Plus frappante encore est l’interprétation qu’il donne de Carmen. Par le choix qu’il opère -traiter cette nouvelle de Mérimée au burin-, Picasso lui ôte toute sensualité pourtant tellement rattachée au personnage titre. Le burin entaille la plaque de cuivre profondément et donne donc, au tirage, un trait précis et sec d’une couleur intense. Les visages que représente alors Picasso se trouvent empreints des contraintes et qualités de cette technique ; l’artiste-virtuose joue complètement du médium qu’il utilise afin d’offrir des personnages stylisés à l’extrême (en une seule ligne sont parfois dessinés les principaux traits du visage) et pourtant extrêmement bavards sur les caractères qu’ils représentent. C’est là une véritable leçon de technique du dessin et de la gravure.

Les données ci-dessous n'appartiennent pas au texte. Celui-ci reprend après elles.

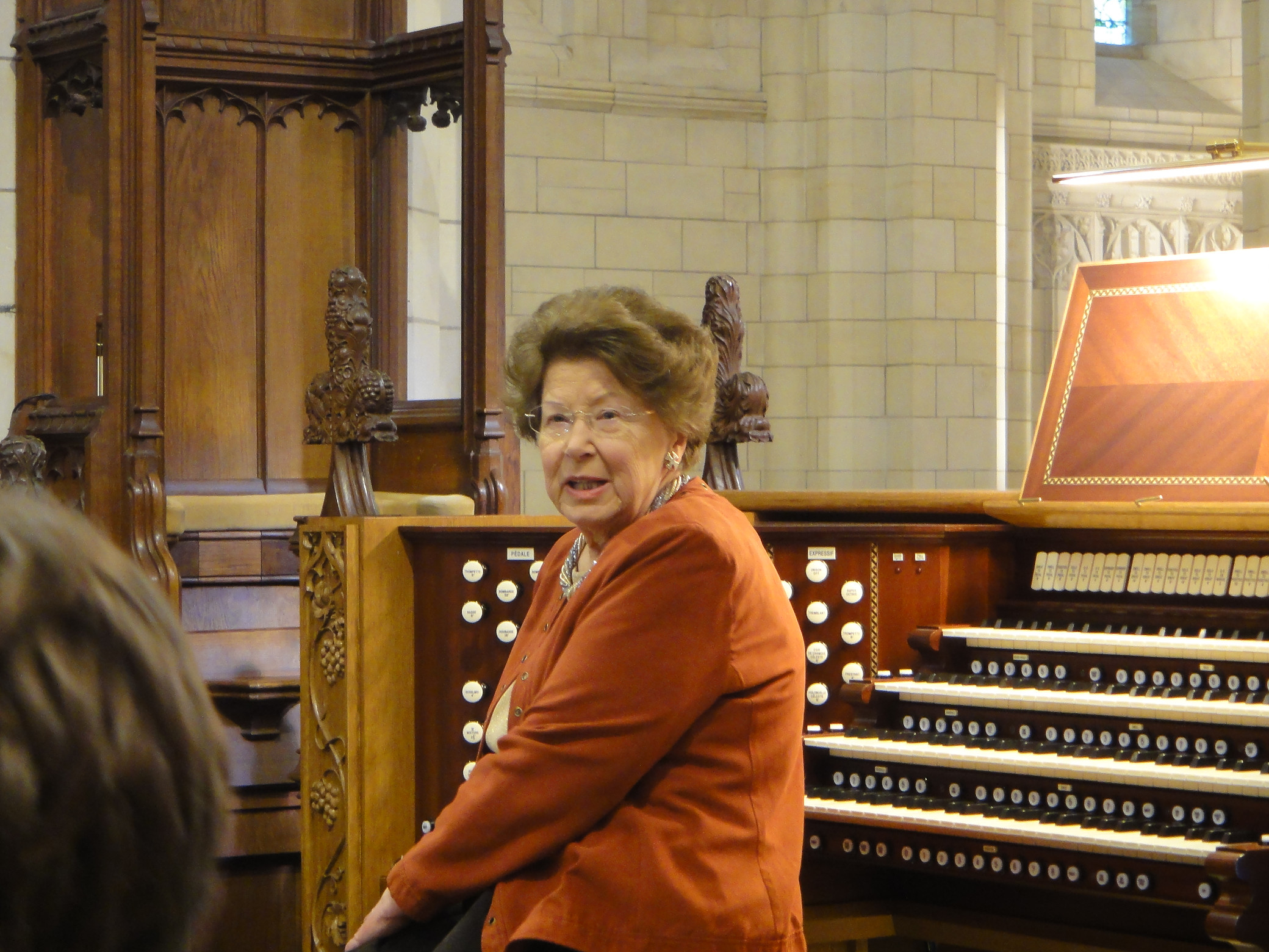 Although Dame Gillian may have retired from centre-stage performing, the sheer energy, stamina and bravura were as gripping as ever. At every opportunity Dame Gillian could be seen adding and subtracting stops, refining registration, demonstrating alternative fingering patterns, and it would be impossible to summarize the wealth of experience and erudition of this ‘hands on’ approach here. Questions which frequently vex organists such as the pros and cons of 8’ or 16’ pedal registration in the trio sonatas, choice of mutation stops and understanding the important concepts of rhythm and meter were all addressed. The Mendelssohn proved to be an ideal choice for defining accent and articulation in the opening bars of the last movement with the overlapping arpeggios- no hint of blurring tolerated here!

Une démonstration éblouissante d’un outil employé au mieux de ses possibilités pour un sujet qui, a priori, ne se prêtait pas à une telle rigueur.
Miró donne quant à lui de très belles plages d’aquatintes, aplats de couleur à l’aspect légèrement granuleux, dans des gravures illustrant Le Marteau sans maître de René Char. Les compositions abstraites qu’il propose jouent de rencontres des surfaces colorées et des lignes dans des constructions où l’émotion l’emporte sur la lecture. Qui se laisse guider par les titres risque de se heurter sur l’inutile besoin qu’a le cerveau de créer forcément du sens avec ce qu’il voit. Miró et Char utilisent finalement leurs outils (mots ou lignes) avec une même originalité. Cela demande une lecture tout aussi singulière.
Mais c’est avec les treize lithographies Ubu Roi que Miró nous entraîne dans un véritable bonheur de couleurs et de liberté. De drôles de personnages envahissent les pages. Se crée alors une incroyable loufoquerie de lignes souples et de couleurs formidablement vives. C’est toute la fantaisie de Jarry qui se lit dans ces jeux de lignes qui délimitent de façon apparemment tout à fait arbitraire les couleurs d’une grande pureté, comme capturées en plein éclat. Eclaboussant la dernière salle de l’exposition, ces lithographies s’emportent par l’esprit et sont déjà une invitation à revenir dans le musée de Lodève, logé aux pieds des Cévennes.